ABOUT THIS TASK — Every line from the one containing "今天(2月28日)早上,小米" through the end of the listing below must be given again exactly, and nothing else; exclude pictures.

________

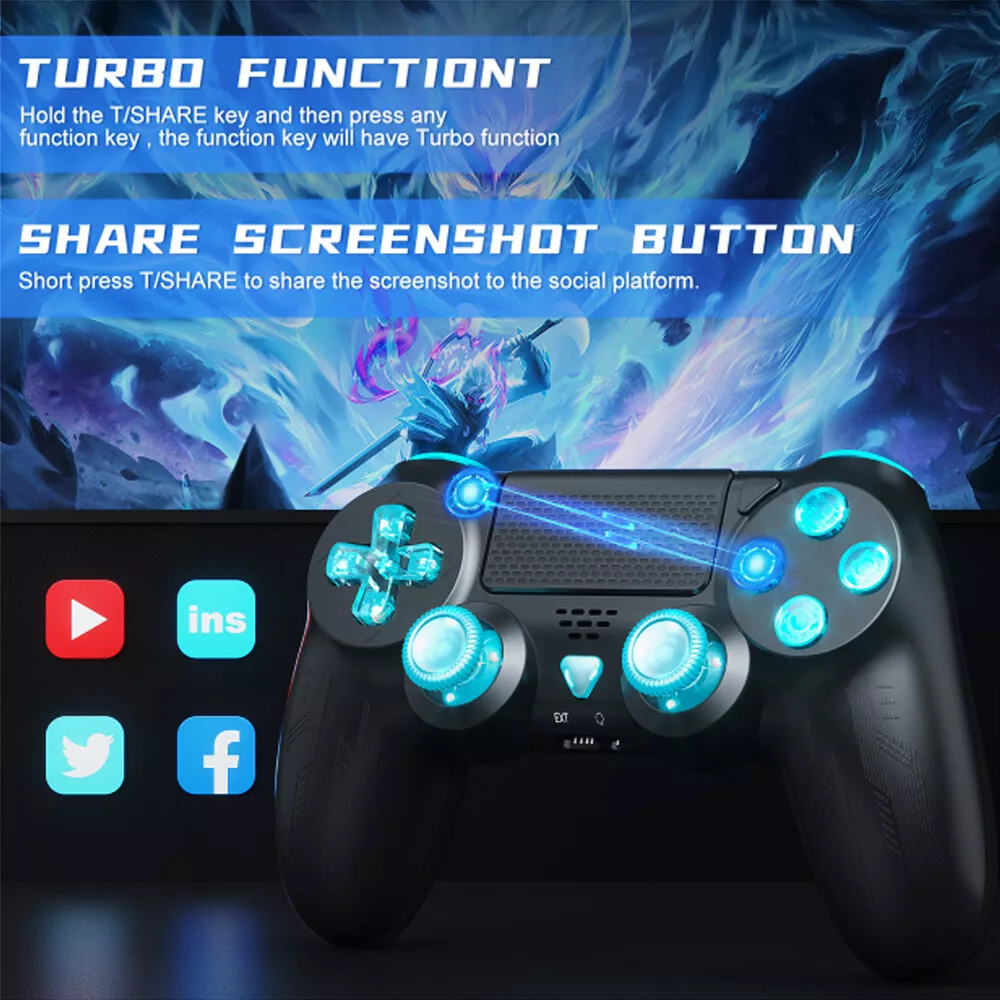 SAFE & SECURE SHOPPING 100% SATISFACTION GUARANTEED FAST SHIPPING Store Categories Store Categories Other Xbox one Controller Nintendo Switch Controller Wii Controller Xbox 360 Controller PS Controller Bluetooth Controller For PlayStation 4 DualShock PS4 Wireless Gamepad Console US Product Description 【Compatibility devices】 Wireless controller for PS-4 compatible with P-S4/Android/iOS/PC Windows 7/8/8.1/10/Phone, with the latest Bluetooth 4.2 tech, controller offers a stable connection, the maximum connection between the Controller and P4 reach 10m (33ft) (Note: You have to activate device with the USB cable in the packaging for the first connection) 【Feature】 Vibration: Dual vibration Motion Sensor: 6-axis motion sensor(3-axis gyroscope, 3-axis accelerometer) Touch Pad: Clickable multi-touch pad Headset Jack: 3.5 mm stereo audio jack Speaker: Stereo speakers TURBO Function:Yes LED Light Bar: Yes Share Button: Yes Ergonomics: Yes Material: Premium ABS plastic Rechargeable Battery: 700 mAh Charging Time: 2 .5 hours Working Time: 12-15 hours Charging Methods: Charging dock and USB cable Stronger Bluetooth Connection: Bluetooth 4.2 with stable wireless connection with no delays, lags, or interruptions. Share and Turbo: 1.The handle supports Turbo function, press and hold the T/SHARE key, and then press the function key, then the function key has Turbo burst function, SHARE key and Turbo key are the same key, press it to enable Share; 2. The keys that support Turbo function are: ╳,○,□,△,L1,L2,L3, R1,R2,R3 etc. Built-in speaker and 3.5 mm earphone jack: so you can plug your headset to completely immerse yourself in a gaming world. Two charging modes: can be charged via USB or dedicated charging cradle Ergonomic grip : Conform to palm structure even if you use it for a long time , you won't feel tired. Refined Joystick: The excellent dual analog joystick design,No dead zone and drift . 【Package Contains】 1x PS-4 Wireless Controller 1x Type-C charge cable 1x Product Manual Payment Shipping Returns Contact Us Payment We accpet payment via PayPal only . Import duties,taxes and charge are not included in the item's price or shipping cost.These charges are the buyer's responsibility. Please check with your country's customs office to determine what these additional costs will be prior to bidding or buying. Insurance is included in the Shipping & Handling costs paid. Shipping Items are generally shipped out in 1-3 business day after your payment has been cleared (Sat. & Sun. excluded.) Orders from the United States Warehouse will be shipped out via USPS or UPS. The shipment usually takes 3-7 business days(Saturday and Sunday excluded), if you need the item urgently, please contact us for detail before purchasing. Local pick up is not available. We do not ship to APO, FPO, Alaska, Hawaii and Puerto Rico addresses, and we are unable to ship to PO BOX for this item. Please provide your psychical address. Returns You have 60 days to return it from the date it was received. All returned items must be in the original package and you must provide us with the shipping tracking number,specific reason for the return and your ebay ID. We will refund your full winning bid amount , upon receipt of the item in its original condition and package with all components and accessories included. Contact Us Dear buyers,we appreciate your business, if you are satisfied with our service , please leave us a Positive feedback and rate the details of the transaction (Detailed Seller Ratings) with a " Pefect Stars ". If you have any concerns about your order,please contact us through eBay message or e-mail to resolve any issues before leaving a negative feedback or openin a dispute. We aim to provide best services and products in exchange your maximum statifaction. We will do our best to resolve your issue till your satisfaction. O ur working time is: 09:00 AM-18:00 PM(Chinese time from Monday to Saturday) .All emails will be answered within 24 hours except weekends and holidays Copyright © 2022 Tongtool
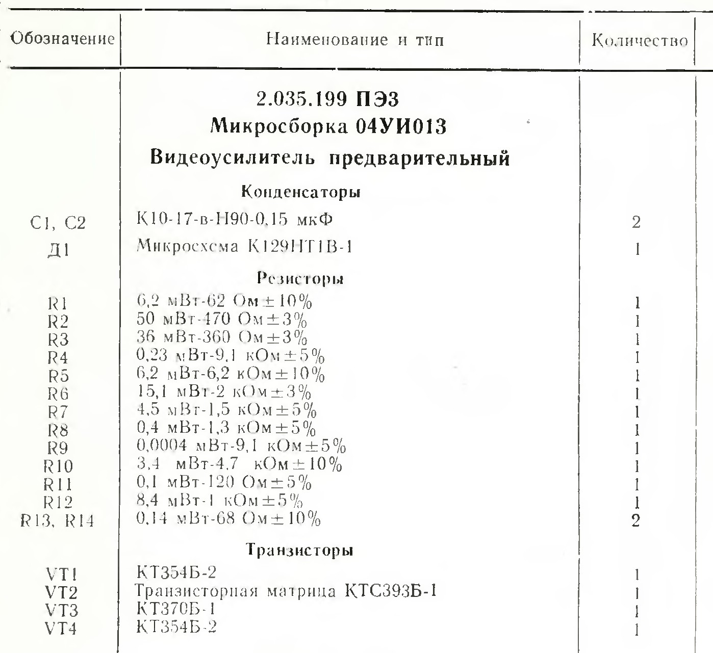 Назначение - предварительный видеоусилитель, применялась в камере телевизионной передающей КТП-82-1.
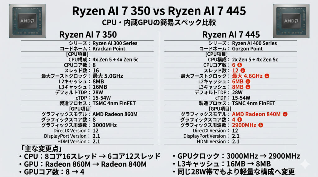 Ryzen AI 7 350からRyzen AI 7 445になって何が変わったのかというと、CPUコアが8コアから6コアになり、GPUに搭載されているコアも8コアから4コアへ削られました。
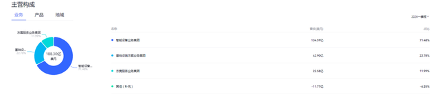 其中,来自智能设备业务集团的营收达到134.59亿美元,占比 71.48%,来自基础设施方案业务集团的收入42.90亿美元,占比22.27%,方案服务业务集团创造营收22.58亿元,占公司总营收比重为11.99%。
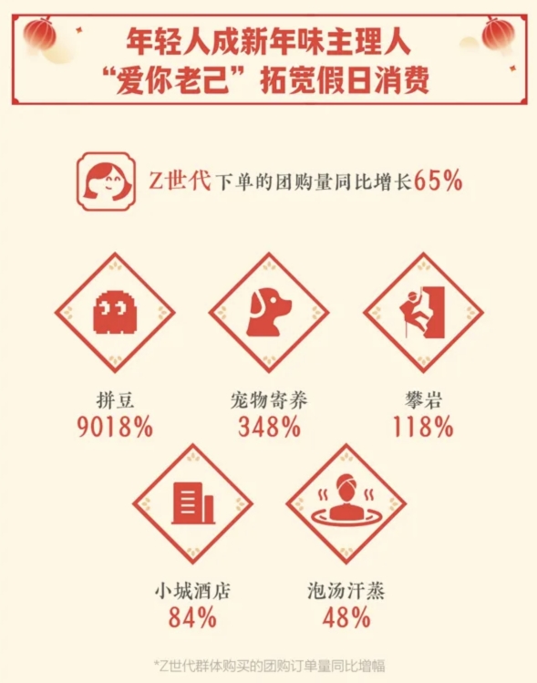 再看住宿,酒店宾馆、客栈民宿团购量同比增长94%和88%。这背后其实是两股人流在交汇:一股是“返乡游”,年轻人回老家了,但想住得舒服点,不愿挤在老房子里;另一股是“异地游”,全家干脆换个城市过年,去体验不一样的风土人情。
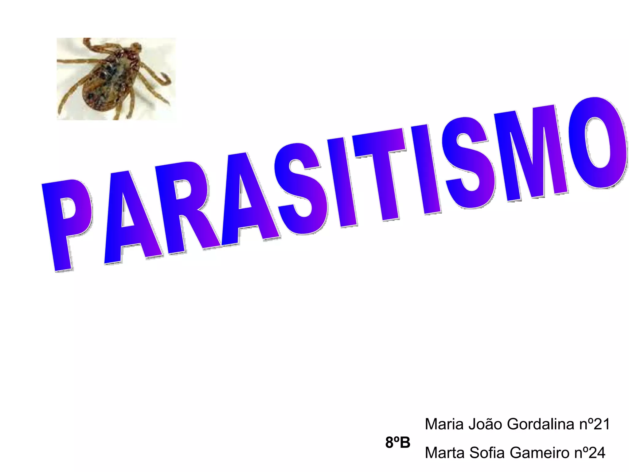 Este documento discute o parasitismo, definindo-o como uma relação onde um organismo (parasita) vive às custas de outro (hospedeiro), prejudicando-o. Apresenta dois tipos de parasitismo - endoparasitas, que vivem dentro do corpo do hospedeiro, e ectoparasitas, que vivem na sua superfície. Fornece exemplos como ténias, lombrigas e piolhos, explicando como afetam o homem e outros animais.
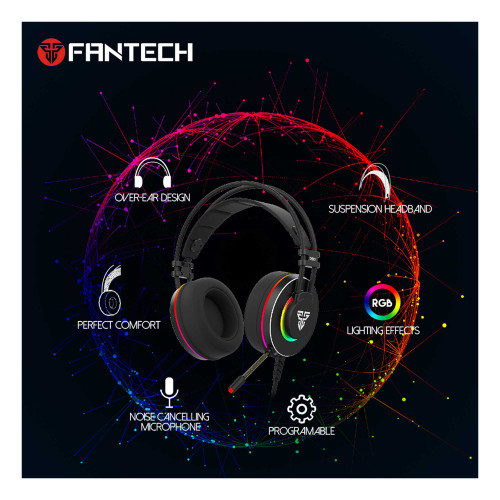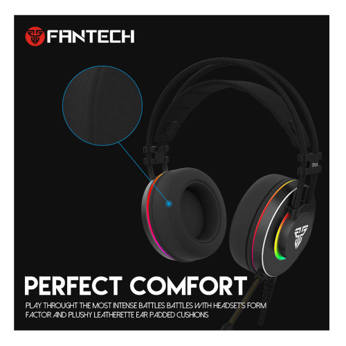 طراحی این هدست هم به زیبایی صورت گرفته و با حالت ارگونومیک خود در استفادههای طولانی مدت شما را خسته نمیکند؛ از سویی دیگر دستهی این هدست قابلیت تنظیم ارتفاع دارد تا شما هر طور که مایل باشید بتوانید آن را تنظیم کنید. این هدست با بهرهگیری از طراحی نرم در بالشتکها و دسته، راحتی هر چه بیشتر را برای شما ایجاد میکند. طراحی منحصر به فرد و عالی این محصول با بهرهگیری از نورپردازی RGB حالتی جذابتر به خود گرفته که باعث میشود محیط بازی برای شما و اطرافیان زیباتر شود. بواسطه نرمافزار اختصاصی محصولات Fantech شما براحتی میتوانید رنگ پردازی LEDها، کیفیت هدفون و یا حساسیت میکروفون را بطور دلخواه تنظیم کنید.
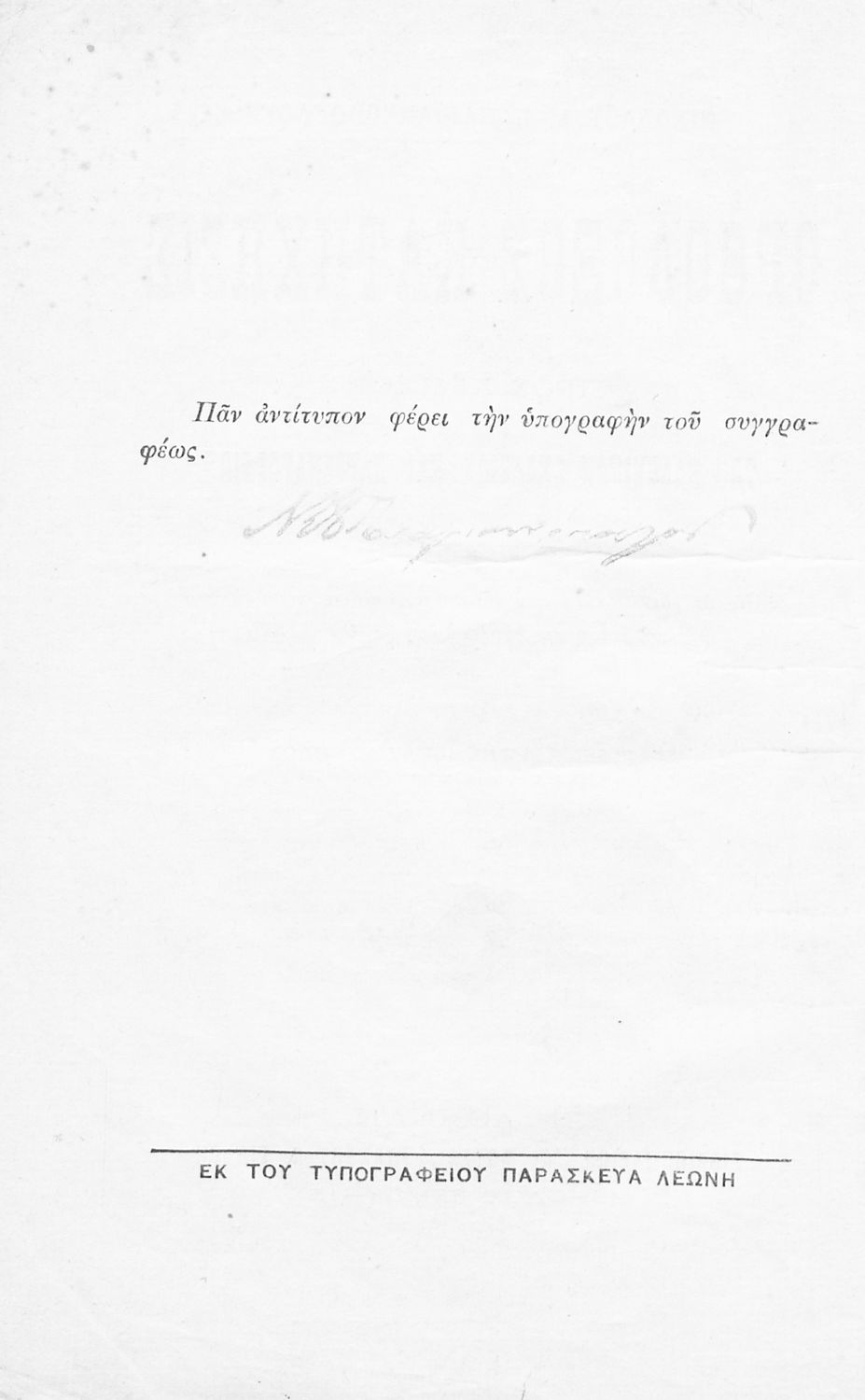 Εντοπισμός πρωτοτύπου: Ελληνικό Λογοτεχνικό και Ιστορικό Αρχείο Κωδικός βιβλιοθήκης: 1905 ΠΑΠ |
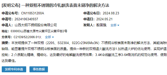 2024年8月23日,山西太鋼不銹鋼股份有限公司成功申請一項名為“一種雙相不銹鋼的冷軋酸洗表面未刷凈的解決方法”專利,申請公布號為CN118531200A,申請日期為2024年5月21日。
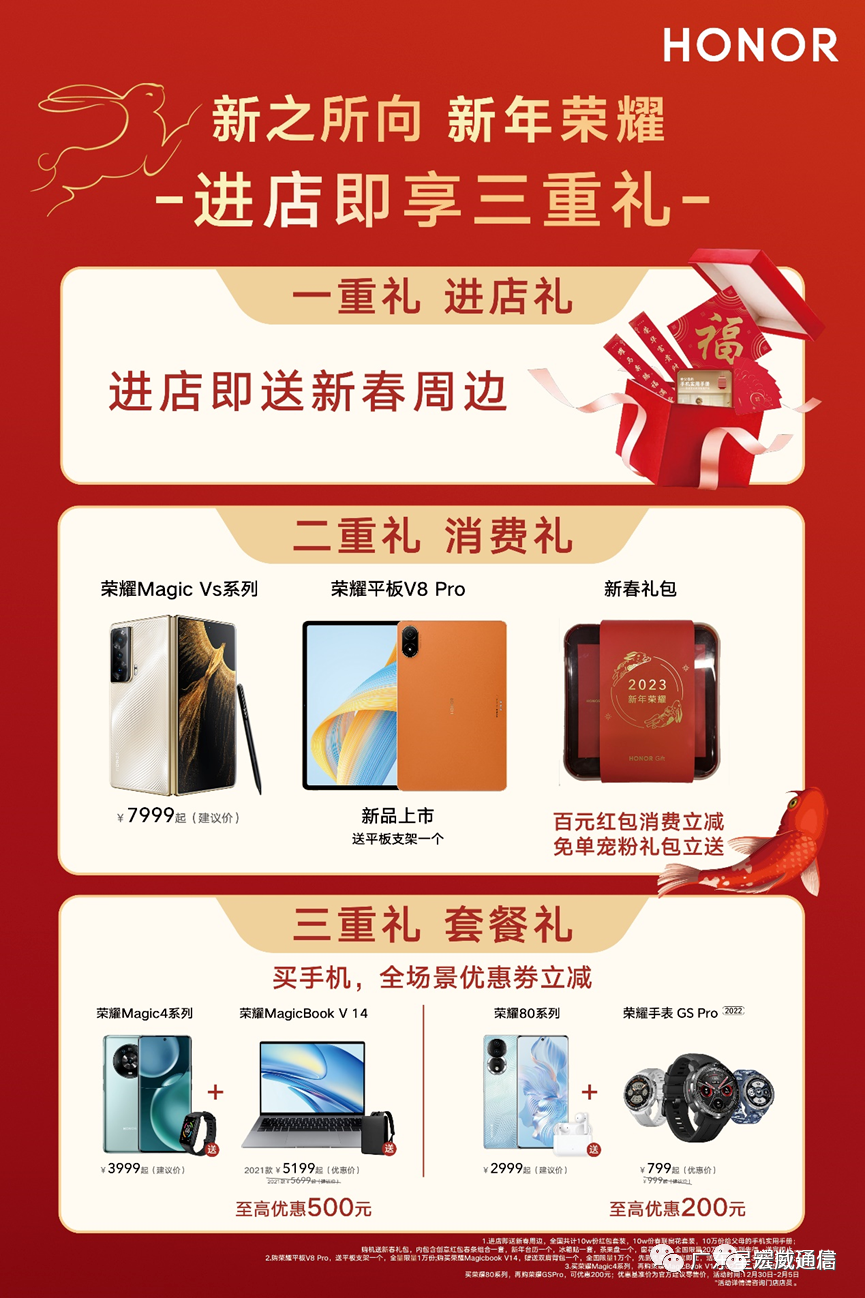 荣耀2023年货节,也同样会从互动体验趣味性、产品选购实惠性两个方面入手,带来一次别开生面的新年特别活动。广东荣耀也诚意满满,进店即享三重礼!
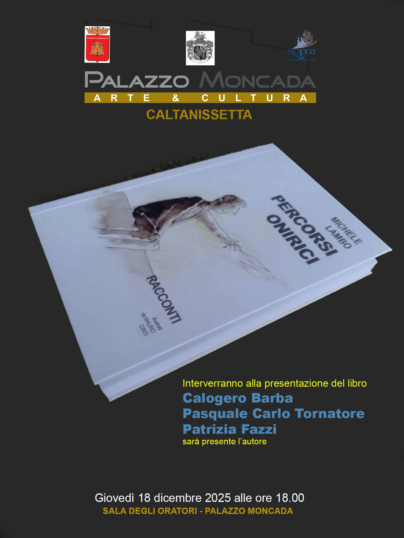 La presentazione del libro si terrà presso la Sala degli Oratori di Palazzo Moncada e interverranno, oltre all'autore, anche Calogero Barba, Pasquale Tornatore e Patrizia Fazzi.
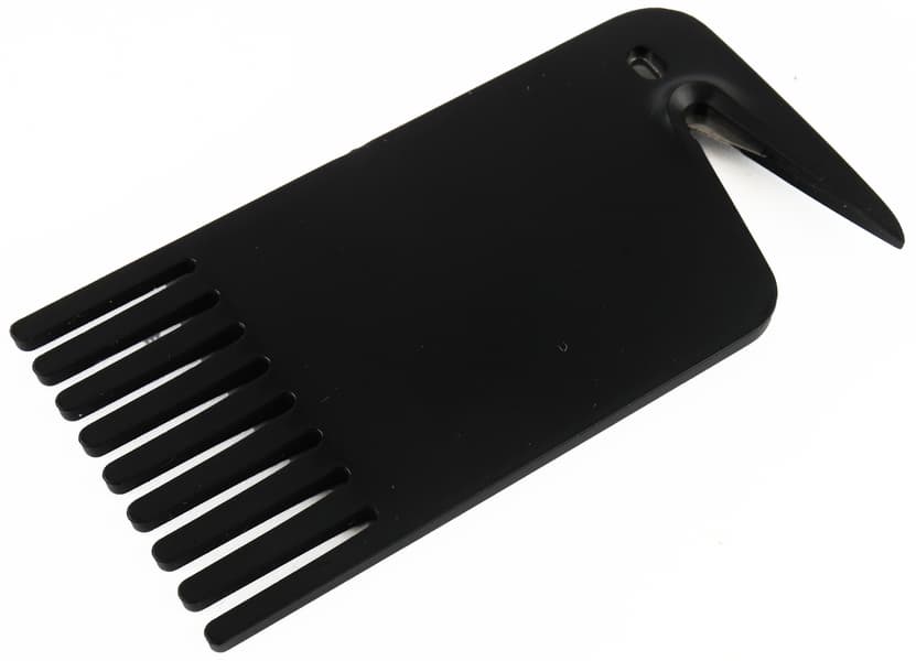 В коробке мы обнаружили и приспособление с гребенкой для чистки HEPA-фильтра и лезвием для срезания со щеток намотавшихся ниток и длинных волос.
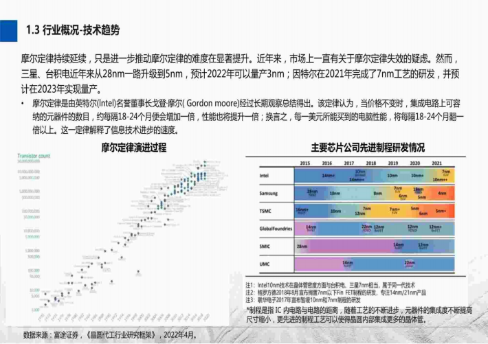 从行业关键企业来看,国外巨头垄断优势明显,国内企业积极发展破局。Gartner数据显示,2021年全球前十芯片企业市场占有率达到44.1%,其中中国地区仅有中国台湾联发科技股份有限公司上榜,市场占比仅为3.0%;中国芯片企业在芯片设计、制造及封测等全产业链条进行布局,收入规模持续攀升。
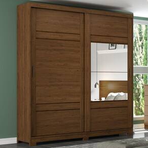 Possui portas: 02 Tipo das portas: deslizantes Portas divididas com acabamento soft Porta com 2 espelhos Possui gavetas: 03 gavetas Gavetas internas Possui corrediças: Sim, tipo metálicas Cabideiros em alumínio Puxadores em alumínio com acabamento bronze Pintura: UV - Ultravioleta Portas com molduras de 25mm
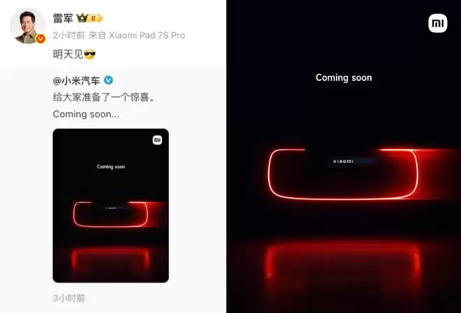 今天(2月28日)早上,小米汽车突然官宣新车Coming soon,雷军更在下方留言「明天见」,瞬间引发热议。
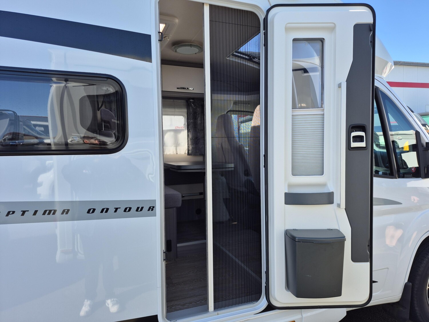 - Aufbautür inkl. einem Fliegengitter, einem Fenster inkl. Plissee und einem Abfalleimer

________

RESULT —
 今天(2月28日)早上,小米汽车突然官宣新车Coming soon,雷军更在下方留言「明天见」,瞬间引发热议。
 - Aufbautür inkl. einem Fliegengitter, einem Fenster inkl. Plissee und einem Abfalleimer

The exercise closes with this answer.